Só a bomba de retorno (que tem que vencer a altura desde a sump), parece-me insuficiente para assegurar esse nível de circulação, pelo que uma powerhead parece necessária.

----------


## Nuno R. Carvalho

Viva,

Vocês estão a ser de uma ajuda imensa, obrigado   :SbOk3:  

Falta-me já pouca informação para mandar fazer o aqua; nomeadamente o 6º vidro, tem que ser um pouco mais baixo para a água passar certo, quanto mais baixo?

E lembrei-me de outra coisa; a furação é feita no fundo da coluna seca não? Como fazer para passar os tubos, não posso furar o móvel   :Admirado:  ... é possível deixar esses poucos cms que lhe correspondem fora do espaço do móvel??  Não sei se me expliquei bem...

----------


## João M Monteiro

Boas, Nuno

Penso que já decidiste usar coluna seca e sump por baixo do aquário e não 6º vidro com a sump ao longo do mesmo (atrás ou de lado), não foi ? É que agora fiquei um pouco confuso.

Admitindo que é coluna seca com sump por baixo do aquário.
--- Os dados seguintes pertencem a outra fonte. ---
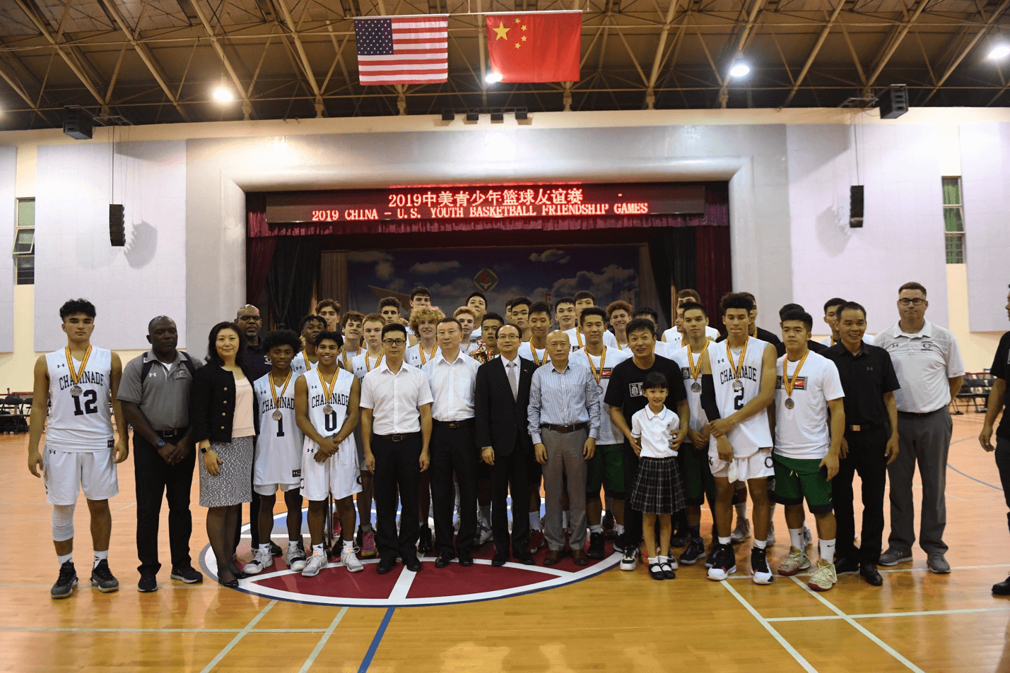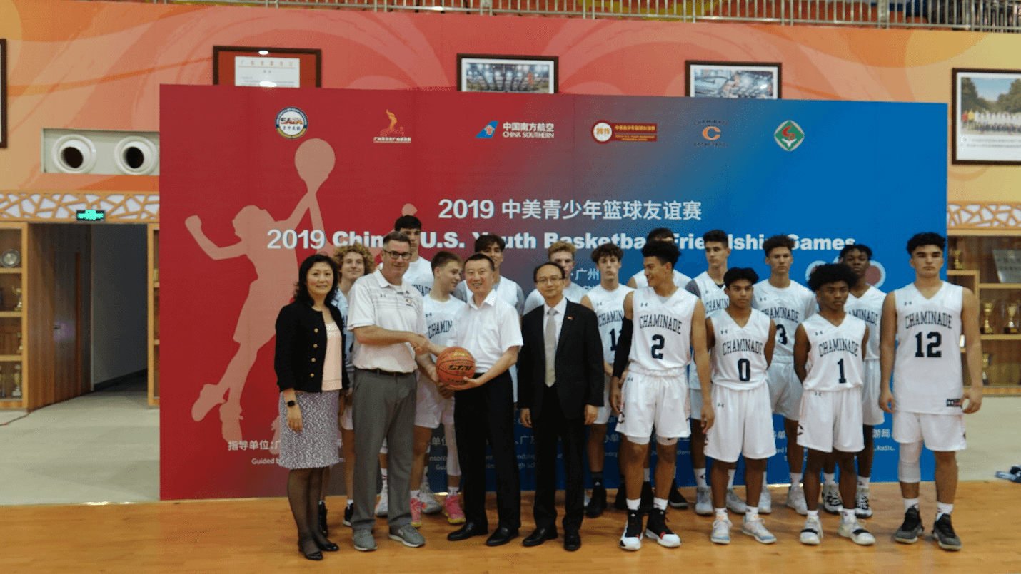 2019年10月20日,美中文化艺术基金会于广州、重庆举办的“2019中美青少年篮球友谊赛”及系列活动在重庆圆满落幕。此次参加友谊比赛的美国学校是加州洛杉矶查米纳德高中(Chaminade College Preparatory)是国际知名蓝丝带高中,培养了众多精英毕业生。该校曾是加州冠军球队,在加州高中篮球队中名列前茅。

Era melhor furar o móvel para não ficares com uma parte do aquário (aí uns 5 cm da parte de trás) sem apoio. É perigoso deixar um vão desses. Não aconselho, mesmo.
Se ainda assim quiseres correr o risco (...), vê qual a margem de segurança que queres deixar na parte superior do aqua sem água (por ex., 10 cm), fazes a coluna seca a acabar a 9 cms do topo e colocas no bordo superior da coluna seca uns pentes que servem para água correr sem irem peixes atrás (passa-muros). Furas o aqua no fundo (na zona da coluna seca, naturalmente) e a água corre dentro da coluna seca e desce para a sump. 
Fui claro, ou nem por isso ?

Mais uma vez digo que se não vais furar o móvel, era de considerar não fazer coluna seca e furar o vidro de trás do aquário, à altura da superfície (com a tal margem de segurança de que falei acima), fazendo a água descer por um tubo de pvc aí colocado. Parece-me mais seguro que deixar uma parte do aqua em suspenso.
Vê o fabuloso projecto do Fernando Guimarães que usa o mesmo princípio: http://www.reefforum.net/showthread....3&page=2&pp=10

Em conclusão, sugiro: ou furas o móvel e colocas a coluna seca ou se não o furas, opta por ligação directa, sem coluna seca.

----------


## Nuno R. Carvalho

Viva João,

Efectivamente isto estava a ficar confuso por culpa minha uma vez que a ideia é a coluna seca e eu pensava que também lhe chamavam 6º vidro   :Admirado:   my fault... 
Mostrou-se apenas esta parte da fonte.